I guess what I'm saying is that women are so often such emotional creatures (at least I am) that a little appreciation goes a long way. "Thanks for dinner, honey,", "You look really nice,", from him really warms up the atmosphere for a wife.
And "I believe you'll make the right decision about this, I trust your judgement", "Thank you for working so hard to take care of our family," from her wouldn't hurt anything, either.
How about an 8-month-old infant who can't seem to figure out that nights are for sleeping through?
I had two babies. Each time my ex-husband started getting what he wanted a couple of weeks after I got out of the hospital. I do not claim this was gourmet lovemaking during that time, and I don't claim I was crazed with enthusiasm, but I didn't want him to die of horniness and I figured the baby could cry for 20 minutes. I would put the baby in the crib, close the door, stuff a towel underneath our door and turn on an air filter so I wouldn't hear him/her for the duration. Afterwards I skedaddled back to the nursery.

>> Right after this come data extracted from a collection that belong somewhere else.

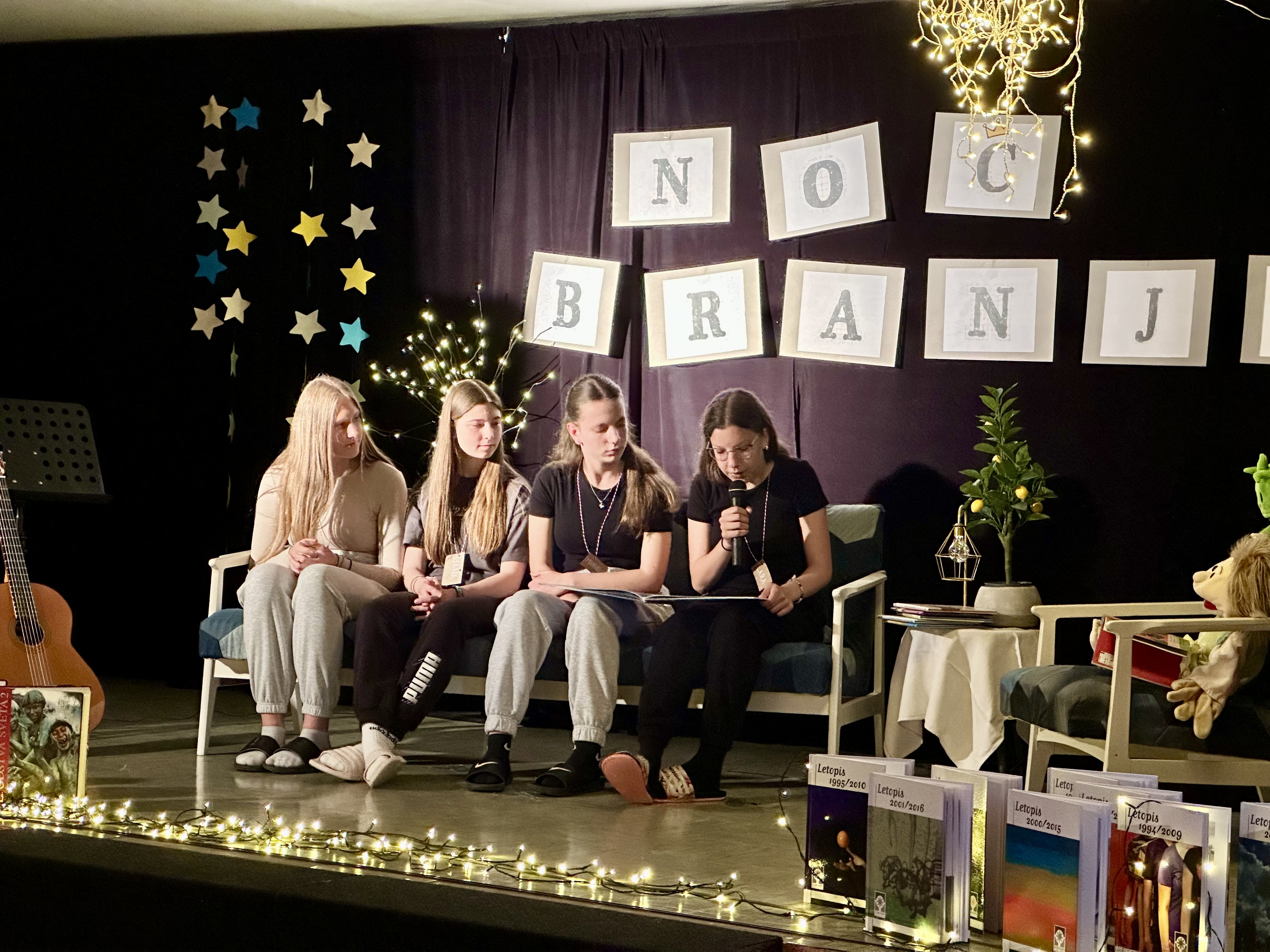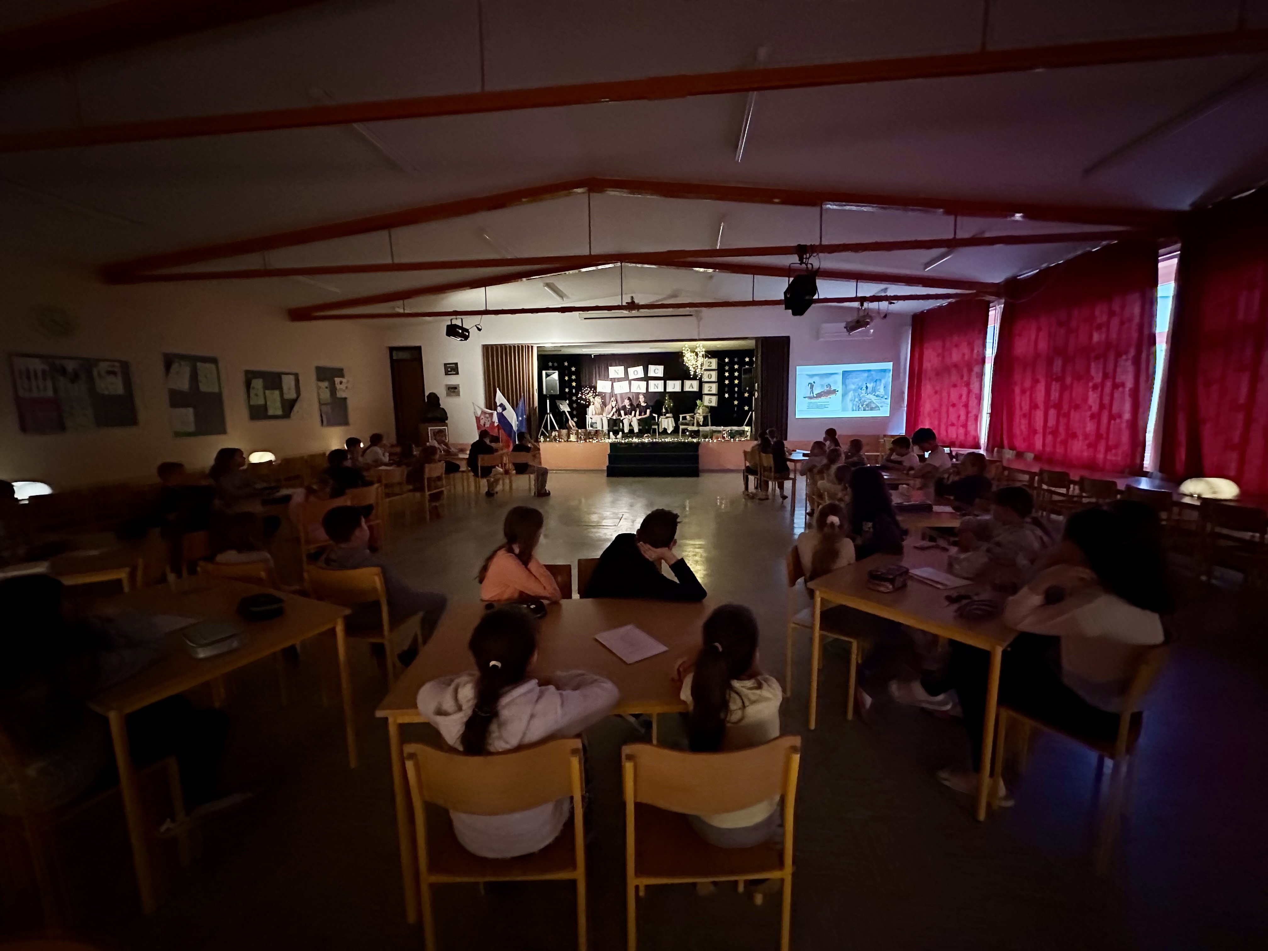 »Letošnja noč branja je potekala v petek 17. 4. 2025. Pričela se je ob 18.00 z astronomsko delavnico, izdelovanjem zapestnic in z glasbeno delavnico, ki sta jo vodili glasbenici Eva Hren Fras in Rebeka Hren Dragolič. Z navdušenjem smo se odpravili na lov za zakladom, ki smo ga našli v knjižnici, ko smo rešili vse uganke.Sledil je nastop učencev iz glasbene delavnice. Deset učencev je dve ljudski pesmi poustvarila s petjem in igranjem violine, viole, oboe, kitare in prečne flavte. Posnetek nastopa si lahko ogledate na spodnji povezavi: https://video.arnes.si/watch/q3k2wmn3zn73 Po večerji smo dokončali zapestnice in si ogledali film Ledena doba. Preselili smo se v veliko telovadnico, si pripravili udobna ležišča in začeli brati. Nekateri so kmalu zaspali, eni pa šele proti jutru. Vsi pa smo se zjutraj zbudili dobre volje, pojedli zajtrk, pospravili in odšli domov. Na izhodu pa nas je pričakalo še darilo presenečenja,« so zapisali učenci knjižničarskega krožka z mentorico Suzano Klemenčič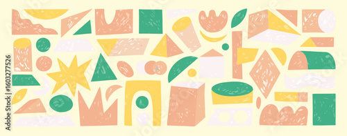 abstract, geometric, shape, pattern, design, pastel, colours, modern, art, style, background, illustration, triangle, circle, square, rectangle, texture, hand-drawn, organic, minimal, decorative, template, banner, wallpaper, poster, print, surface, textile, fabric, scrapbook, collage, element, graphic, artistic, creative, trendy, aesthetic, vintage, retro, simple, contemporary, artwork, composition, ornament, vignetting, doodle, drawing, colourful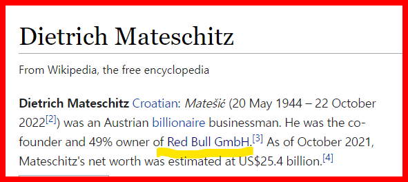 October 22, 2022October 23, 2022 Red Bull founder Dietrich Mateschitz dies, aged 78 He is Dead 193 days before his birthday Illuminati ANOTHER GREAT FIND FROM A FELLOW TRUTHER GIVE KNOWLEDGE AND SHARE THIS! Share on Facebook (Opens in new window) Facebook Share on Telegram (Opens in new window) Telegram Share on X (Opens in new window) X Like Loading... Related

P.S. Note that I refer to my EX husband. Some men are never happy.
Would you take a bet?
Of course, I've never had to resort to such subterfuge. Women immediately swoon upon my entering a room.
yes, of course I would...but theres that little problem of VERIFICATION....LOL
The Capt.
You will lose your money. But my vanity is piqued--I put a lot of work into those ab crunches--and in verification I will send you a photo taken two weeks ago.